How will this research affect the daily lives of people?
To develop evidence-based solutions, we first need research that identifies exactly where the problems are. If we don't understand the inequities children face in the pain management system or how those inequities affect their experiences, we can't create solutions that actually work. Also, I think it's important to highlight voices that historically haven't been heard within research so priorities accurately reflect their needs and experiences. So, this research will help us pinpoint what's driving those disparities and then turn that knowledge into more equitable pain care.

What inspired you to pursue graduate work at Dalhousie?
When I was deciding between different universities and where exactly I wanted to apply, specifically for clinical psychology, there were several things that were important to me.

First, it was important for me to be in a city that was livable and that I would enjoy living in. So, Halifax, that was a check there.

Second, it was really important for me to choose a university with a strong pediatric pain research program. So, Dr. Chambers’ Lab was a perfect fit.

Third, I was looking for a dedicated community of Black health researchers and community advocates. That was also a check. There's the Black Advising Centre, there's PLANS (Promoting Leadership in Health for African Nova Scotians) which is another outreach group here at Dal, and there's a new Black Health Researchers’ Hub that's been created. Being able to partner with these groups and build community has been really important to me.

Finally, I was really looking for a university with a genuine culture of interdisciplinary collaboration. I feel lucky that our lab collaborates with researchers outside of our faculty and even outside of the university, which has really helped me broaden my perspectives. I also have someone outside the department on my committee, Dr. Barbara Hamilton-Hinch, who brings incredible Black health expertise and is a Black health equity scholar herself. That culture of collaboration, both within the program and at Dalhousie more broadly, was a major draw for me. My work focuses on Black health equity, and I needed a program that would support my use of critical Black research methods and allow me to critically examine the traditional psychological approaches that have contributed to these inequities. Dalhousie offered all of that, and so far, it has proven to be a really good choice.

What advice would you give to aspiring graduate students?
This is really general advice, but once you start grad school, I think it's really important to find a community that you can lean on. I truly don't think I could have made it this far into the program without support from my lab-mate and good friend Blair, my cohort-mates, friends outside of the program, and my tennis community. Grad school is challenging enough on its own and it's important to not try and navigate it by yourself. Getting involved in activities outside of the program was important for me, because it helped me to meet new people and surround myself with people who really understand, encourage, and support me as I go through this hard program.

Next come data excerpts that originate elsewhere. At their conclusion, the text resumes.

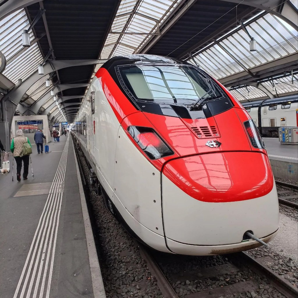On the way to Zurich. Suddenly very tired. Headphones on, listening to something. Music.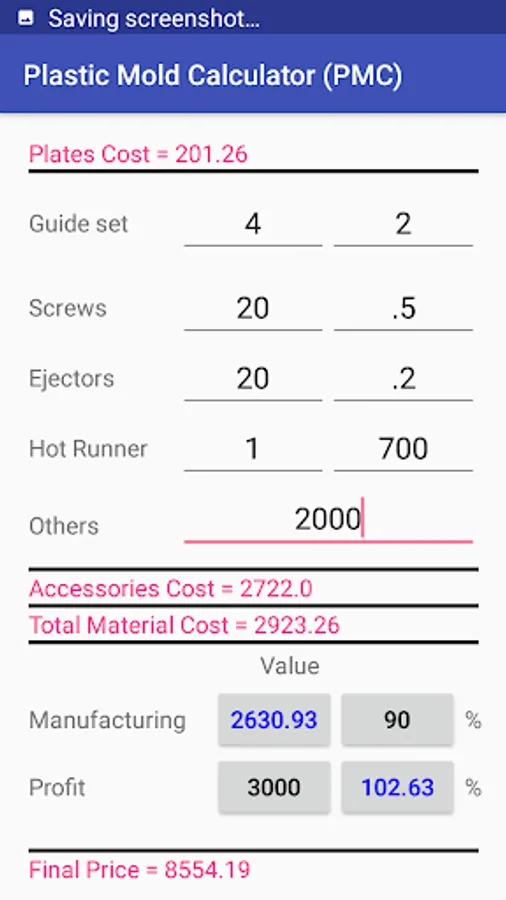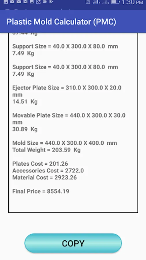 PMC is the best app to calculate the mold cost and the easy app to calculate the final mold price.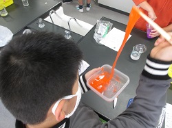 科学クラブでは、スライムを作りました!自分の好きな色の絵の具を用意し、割りばしでグルグルかき混ぜて楽しく作りました。先週は工作用紙でブーメランを作り、重りや羽の向きなど、科学クラブらしく理科の視点で考えながらも楽しく活動しています。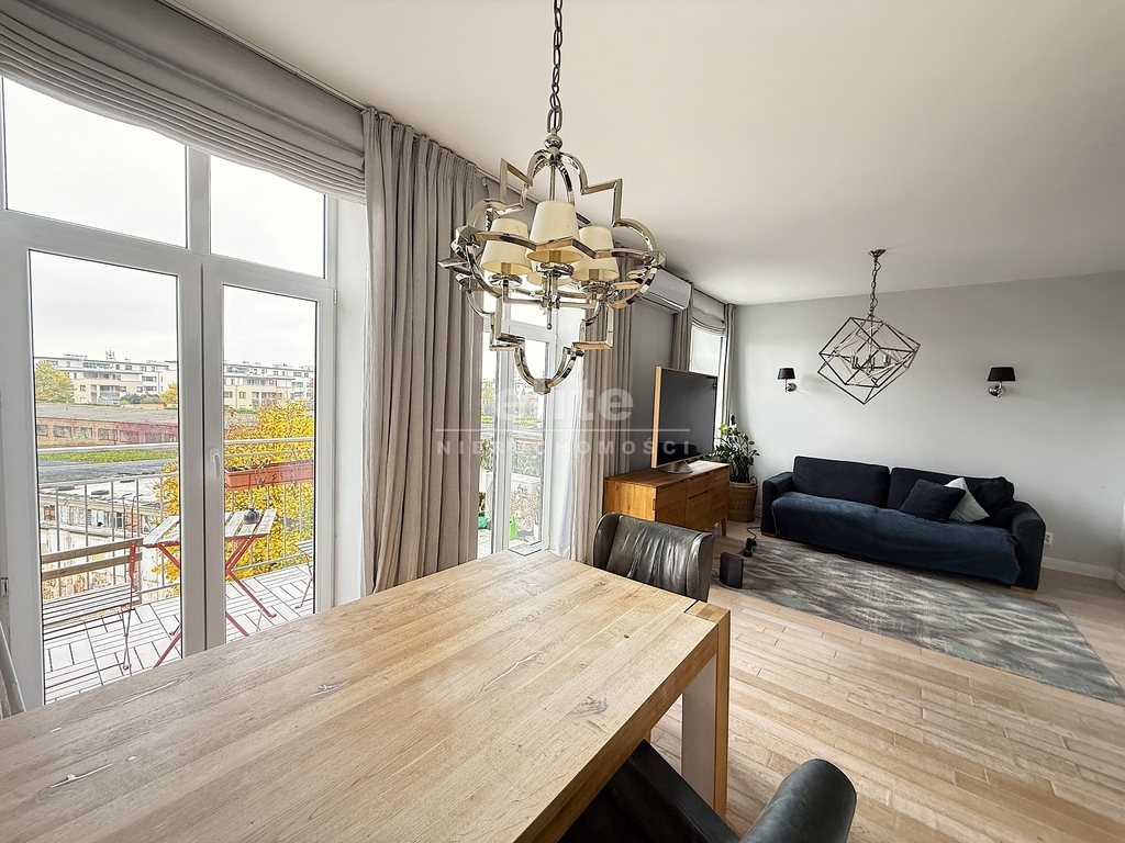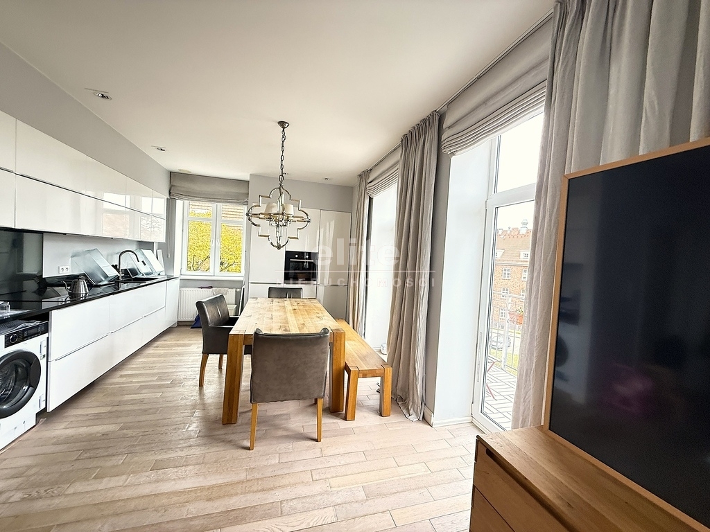 Salon połączony z kuchnią o powierzchni około 30m2 z wyjściem na słoneczny balkon.

What do you want for your future?
That's a big question, and honestly, I don't have a perfectly clear answer yet. What I do know is that my goal is to help Black children and other Black people feel empowered and confident in managing their pain so they can live meaningful, fulfilling lives. Whether that ends up looking like a purely research-based career, a clinical one, or some combination of both, that's what I hope to dedicate my work to.